Lab 6 Solutions

Solution Files

Topics

Consult this section if you need a refresher on the material for this lab. It's okay to skip directly to the questions and refer back here should you get stuck.


Object-Oriented Programming

Object-oriented programming (OOP) is a style of programming that allows you to think of code in terms of "objects." Here's an example of a Car class:

class Car:
    num_wheels = 4

    def __init__(self, color):
        self.wheels = Car.num_wheels
        self.color = color

    def drive(self):
        if self.wheels <= Car.num_wheels:
            return self.color + ' car cannot drive!'
        return self.color + ' car goes vroom!'

    def pop_tire(self):
        if self.wheels > 0:
            self.wheels -= 1

Here's some terminology:

  • class: a blueprint for how to build a certain type of object. The Car class (shown above) describes the behavior and data that all Car objects have.
  • instance: a particular occurrence of a class. In Python, we create instances of a class like this:

    >>> my_car = Car('red')

    my_car is an instance of the Car class.

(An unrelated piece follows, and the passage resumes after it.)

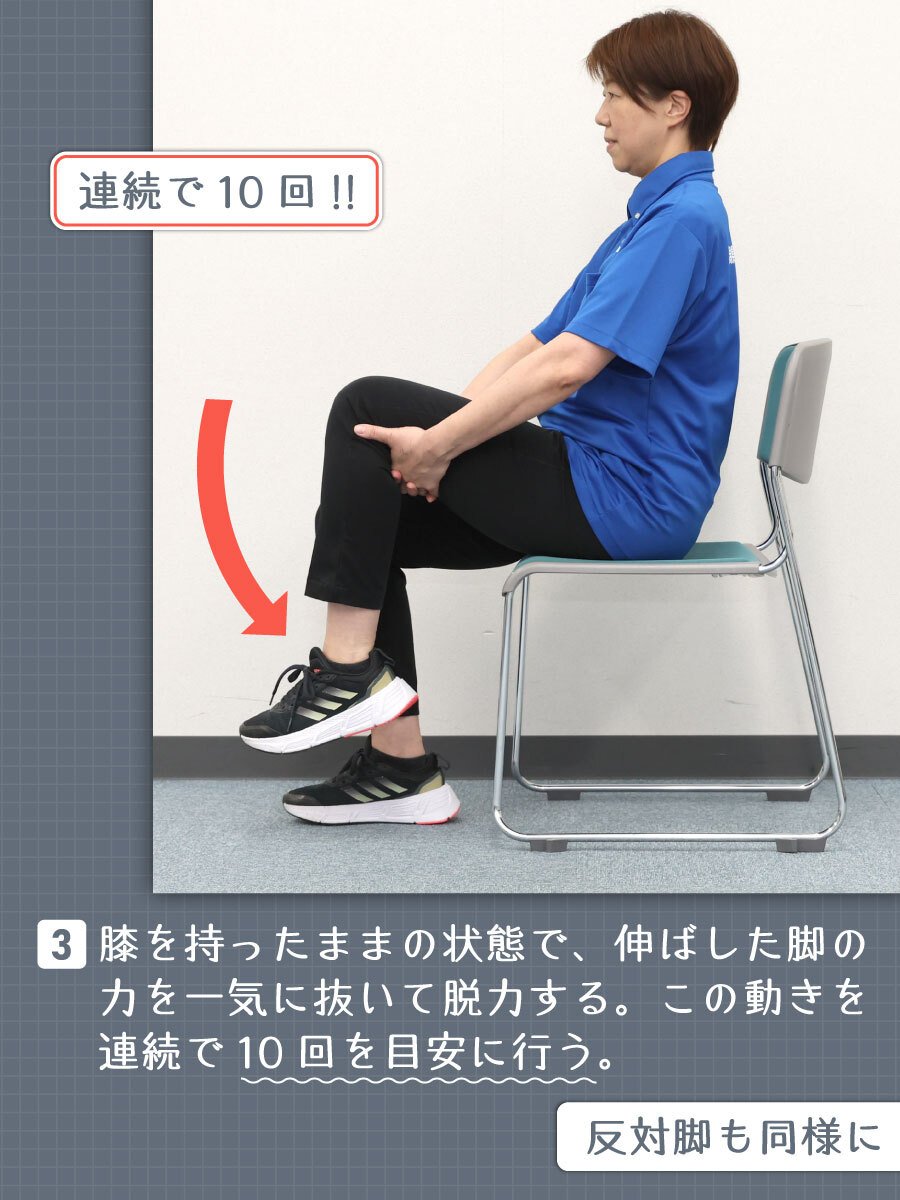 (2)膝を持ったままの状態で、伸ばした脚の力を一気に抜いて脱力する。この動きを連続で10回を目安に行う。反対脚も同様に。

  • data attributes: a variable that belongs to the instance (also called instance variables). Think of a data attribute as a quality of the object: cars have wheels and color, so we have given our Car instance self.wheels and self.color attributes. We can access attributes using dot notation:

    >>> my_car.color
    'red'
    >>> my_car.wheels
    4
  • method: Methods are just like normal functions, except that they are bound to an instance. Think of a method as a "verb" of the class: cars can drive and also pop their tires, so we have given our Car instance the methods drive and pop_tire. We call methods using dot notation:

    >>> my_car = Car('red')
    >>> my_car.drive()
    'red car goes vroom!'
  • constructor: Constructors build an instance of the class. The constructor for car objects is Car(color). When Python calls that constructor, it immediately calls the __init__ method. That's where we initialize the data attributes:

    def __init__(self, color):
        self.wheels = Car.num_wheels
        self.color = color

    The constructor takes in one argument, color. As you can see, this constructor also creates the self.wheels and self.color attributes.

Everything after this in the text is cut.